Vegetable Biryani
- 1 c basmati rice
- 2 large onions, grated
- 2 large tomatoes, cubed
- 1/4 c carrots, cut small
- 1/4 c beans, cut small
- 1/4 c cauliflower, cut small
- 1/4 c peas, fresh or frozen
- 1 large potato, cubed small
- 1-1/2 c yogurt
- 1 T coriander powder
- 1 t tumeric
- 1 t cumin
- 1 t chili powder (optional)
- 4 cloves garlic, crushed or chopped
- 1 T ginger, grated (1-inch chunck)
- 1/2 bunch fresh mint (optional)
- 1/2 bunch coriander leaves
- 1 T lemon juice
- 2 T olive oil
- 5-10 strands saffron (optional to presoak in warm milk)
- salt to taste
- 1) Soak rice several hours or overnight, drain, rinse and set aside.
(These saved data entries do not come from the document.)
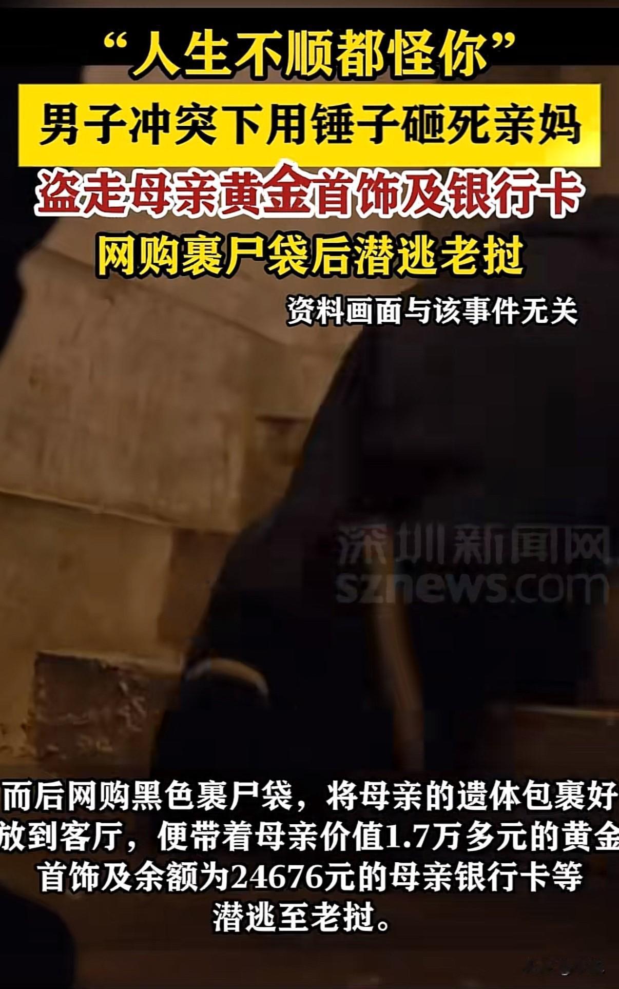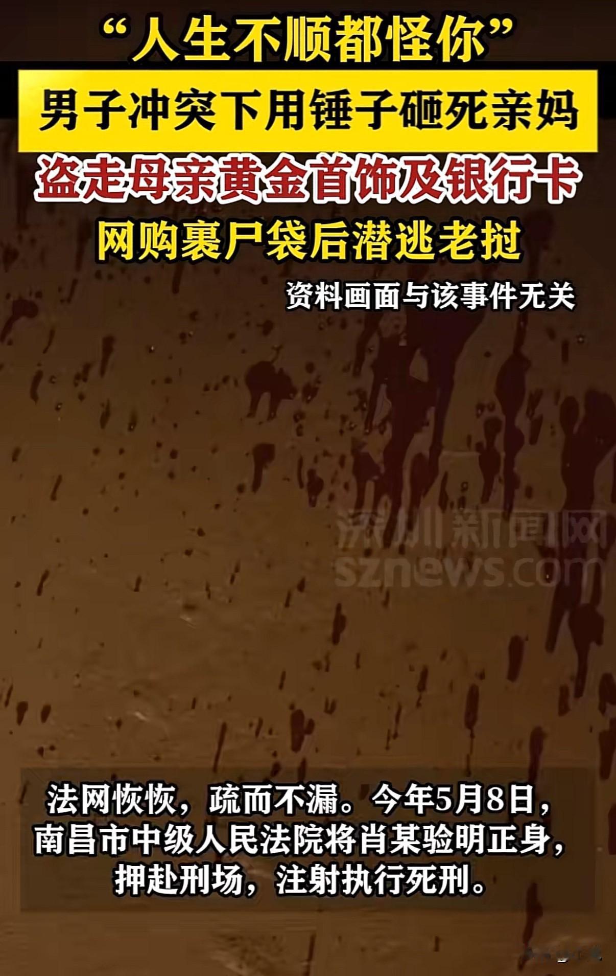 “毫无人性”!1985年出生的肖某,大学毕业后一直没工作。 他和67岁的母亲王某某住在南昌的租住房里。 2023年5月14日中午,母子俩在租房里聊天。 聊天变成争吵。 肖某拿起锤子,连续击打母亲头部。 母亲因颅脑损伤死亡。 行凶后,肖某做了三件事。 他上网订购了一只黑色裹尸袋。 他翻找母亲的首饰盒,取出7件黄金首饰,价值一万七千多元。 他找到母亲的存折和银行卡。 裹尸袋到货后,他把母亲遗体包裹好,放在客厅。 5月15日,他去银行取了存折里的10.02万元。 5月17日,他又想转存单里的钱,但只转出1000元。 母亲银行卡里还有两万四千多元,他没来得及取。 带着黄金首饰和取出的现金,他逃往老挝。 这个案子有几个细节让人难以理解。 一个受过大学教育的人,怎么会对生养自己的母亲下此毒手? 作案后还能冷静地网购裹尸袋、翻找财物。 更讽刺的是,他盗取的金饰和存款,很可能都是母亲省吃俭用攒下的。 法院判决指出,肖某长期将人生不顺归咎于母亲。 但一个40岁的成年人,把自己的失败全部怪罪于父母,这种逻辑本身就很可悲。 杀害直系亲属,盗窃财物,潜逃境外,每一条都触犯法律底线。 2025年5月8日,肖某被注射执行死刑。 从作案到伏法,不到一年时间。 法律给了公正的审判,但留给世人的思考很多。 为什么亲情会演变成仇恨? 为什么高等教育没能教会他做人的基本良知? 最可悲的是,母亲含辛茹苦把孩子培养成大学生,最终却死在孩子手中。 这起案件让人背后发凉。 它不仅是一桩谋杀案,更是一个关于教育、人性和亲情扭曲的悲剧。
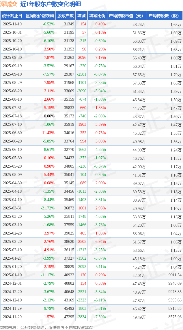 从股价来看,2025年10月31日至2025年11月10日,深城交区间跌幅为6.52%,在此期间股东户数增加154.0户,增幅为0.49%。
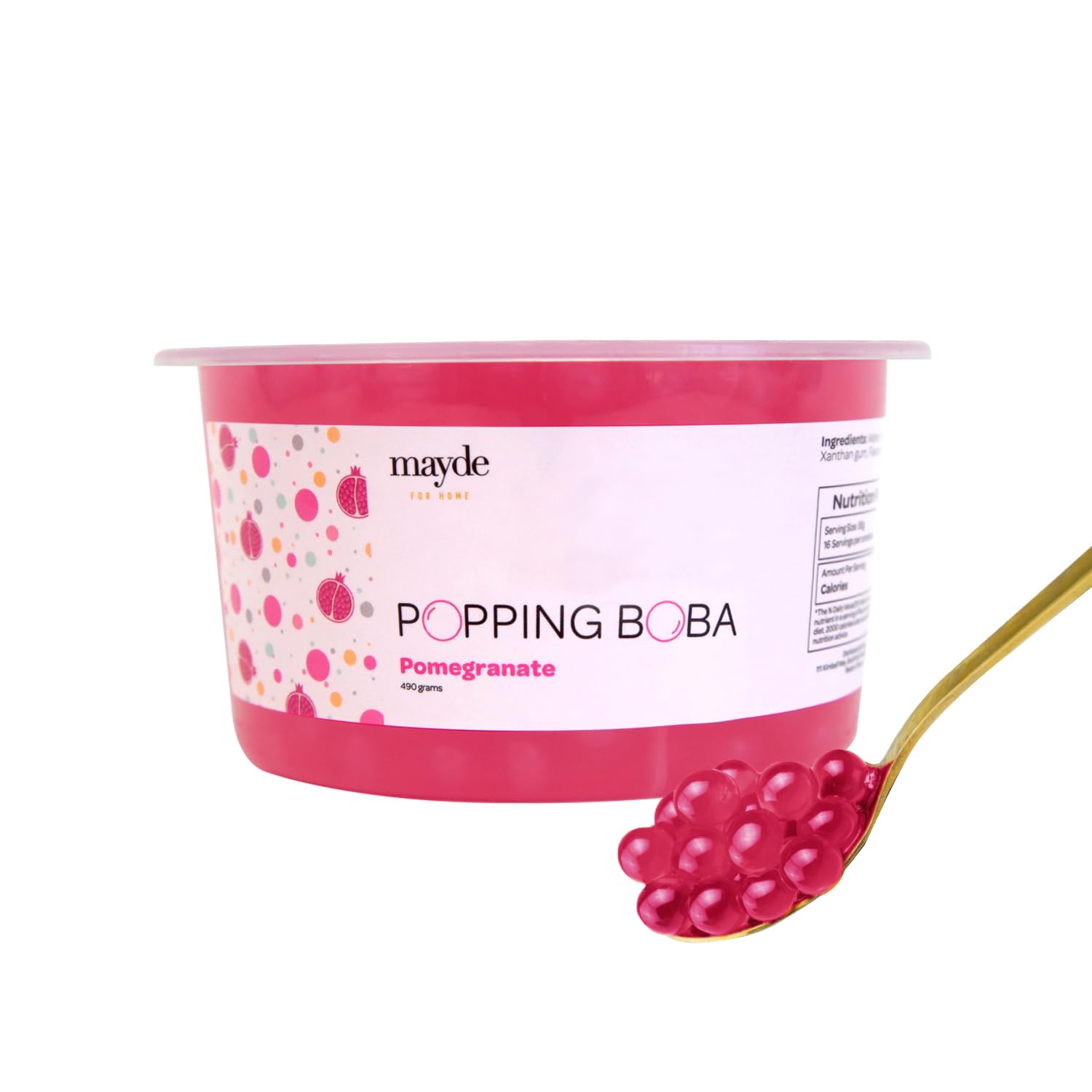 Mayde Popping Boba Pearls for Drinks, Desserts, & Breakfast Bowls, Pomegranate Flavor, 490 grams
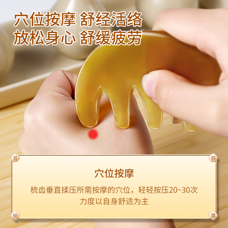Five-tooth massage comb (cow angle) Five-tooth massage comb (cow angle) Five-tooth massage comb ( two-mounted) Eight-tooth massage comb (resin) Six-teeth massage comb (cow-horn) Three-tooth massage comb (tree)
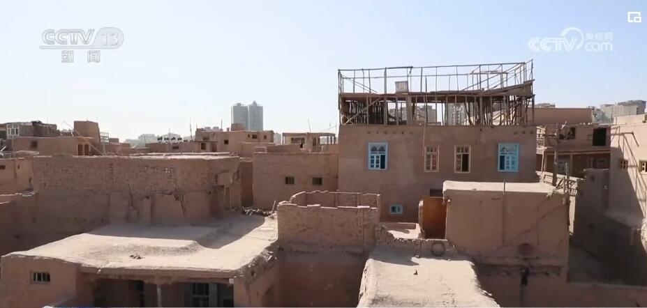 總臺央視記者 張春玲:這里是喀什的高臺民居。據(jù)考證,從漢代開始,就已經(jīng)有人在這里聚居了。隨著人口等因素的增長,我們可以看到這兒的房子是越蓋越高,逐漸發(fā)展成了獨特的建筑風貌。通過創(chuàng)造性的保護,我們現(xiàn)在可以在這樣一個高臺上,近距離地感受民居的風貌 ,同時還可以深入到當?shù)鼐S吾爾族人民的文化和生活當中。
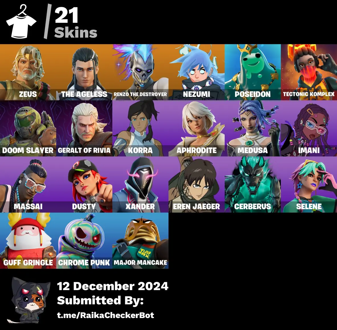 [PC/PSN/XBOX/SWITCH] 21 Skins | Zeus | The Ageless | Renzo | Poseidon | Doom Slayer | Korra | Geralt | MCF195
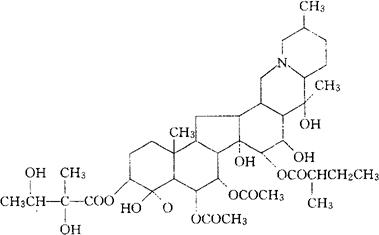 C41H63NO15=809.92 4α,9-环氧瑟瓦烷-3′4,6α,,7α 14,15α,16β,20-辛醇6,7-二醋酸酯3(S)-(2-3-二羟-2-甲基丁酸酯)15(R)-(2-甲基丁酸酯)。 4α,9-Epoxycevane-3′,4,6α,7α 14,15α,16β,20-octol-6,7-diacetate-3(S)-(2,3-dihydroxy-2-methylbutanoate)15(R)-(2-methylbutanoate). 抗高血压药。 Protoveratrine B,Neoprotoveratrine,Veratetrine. USAN,MI.  |

Alternatively, boil rice with veggies as below.
- 2) Wash and cut vegetables and potato. Boil (and rice if using alternate method) for 7 mins, drain (and rinse if rice included) and set aside.
- 3) For vegetable marinade, grate (or use food processor) ginger and garlic. Add yogurt, coriander powder, tumeric, cumin & chili powder. Marinate cut vegetable and potato for at least 1 hour or overnight.
- 4) Grate (or food process) onions, then saute with olive oil in large skillet till transparent. Add tomatoes and cook till water is released. Add lemon juice, fresh mint and coriander leaves and cook till wilted.
- 5) Combine tomato/onion mixture, vegetable/potato/rice mixture, saffron and salt to taste. Pour into 9x13 baking dish and bake at 375oF for 20 mins or until water is absorbed. Serve hot with riata, naan and a few main dishes.
basmati rice, onions, tomatoes, carrots, beans, cauliflower, peas, potato, yogurt, t, tumeric, cumin, chili powder, garlic, t, fresh mint, coriander leaves, lemon juice, olive oil, saffron, salt
Taken from www.epicurious.com/recipes/member/views/vegetable-biryani-1255422 (may not work)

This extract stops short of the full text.